After James Naismith invented the sport of basketball at a YMCA in Springfield, Massachusetts in 1892, the sport had a rapid growth as it became popular with college sports programs as well as small-town high schools. The first true attempt at a professional league was the American Basketball League, but at the time basketball was a fringe sport at the time so the league never was more than a small league with a small fan base.
The National Basketball League was established in 1937, with most teams in the Midwest and operating as a corporate league, with teams like the Fort Wayne Zollner Pistons.

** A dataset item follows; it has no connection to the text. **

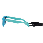 Bløde og fleksible solbriller til babyer i silikone. Elastikbåndet sættes rundt om hovedet, så de sidder på plads. Elastikbåndet kan fjernes ved hjælp af spænder i enderne af brillestængerne og kan justeres for at sikre en perfekt pasform.
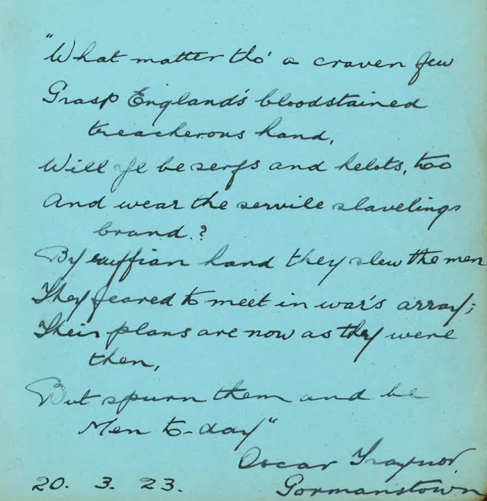 An incredible piece of Irish History, an autograph book from Gormanstown Internment Camp during the Civil War, belonging to Patrick Cahill. It contains 49 pages of autographs, messages and drawings by fellow prisoners many who went on to become prominent people within the State. Among those who signed the book are future President Sean T O’Kelly, Oscar Traynor and well over 100 others. It’s fascinating looking up the names in the Bureau of Military History archives to see what each did in the War of Independence.

The NBL began to help foster more interest in basketball, but it was not until major arena openers looking to fill their buildings began to bring professional basketball to the big time as they founded the Basketball Association of America.
The BAA would be the full precursor of the NBA, as the league recognizes that championship won in 1947 by the Philadelphia Warriors, the Baltimore Bullets in 1948 and the Minneapolis Lakers in 1949. The latter was by a team that the BAA poached from the NBL, as George Mikan and Minneapolis were originally an NBA team.
While basketball was indeed growing, two leagues competing against each other was not a situation that assured success for anyone. Ten BAA teams would be a part of the new NBA, with Indianapolis Jets and Providence Steam Rollers deciding to fold after the 1949 season. The formative years of the BAA are recognized as part of the NBA’s history as the Philadelphia Warriors 1947 Championship is called the first NBA title, with Commissioner Maurice Podolof being the driving force to bring the leagues together
The NBL meanwhile faded into obscurity as none of the records were kept. However, with the merger, the NBA now had 17 teams as six NBL teams and an expansion team in Indianapolis joined the NBA for the 1949/50 season. Four former NBL teams, the Anderson Pacers, Sheboygan Red Skins and Waterloo Hawks all left the NBA after one season and joined a new professional league called the National Professional Basketball League. At the same time three old BAA teams, Denver Nuggets, St. Louis Bombers, and Chicago Stags folded showing just how tenuous the future of professional basketball was.
The sport of basketball would slowly grow through the 1950s despite the original Baltimore Bullets folding early in the 1954/55 season. Over the next ten years the smaller market teams that were originally in the NBL, began moving to larger cities as basketball’s popularity grew and helped it become one of American’s four major sports.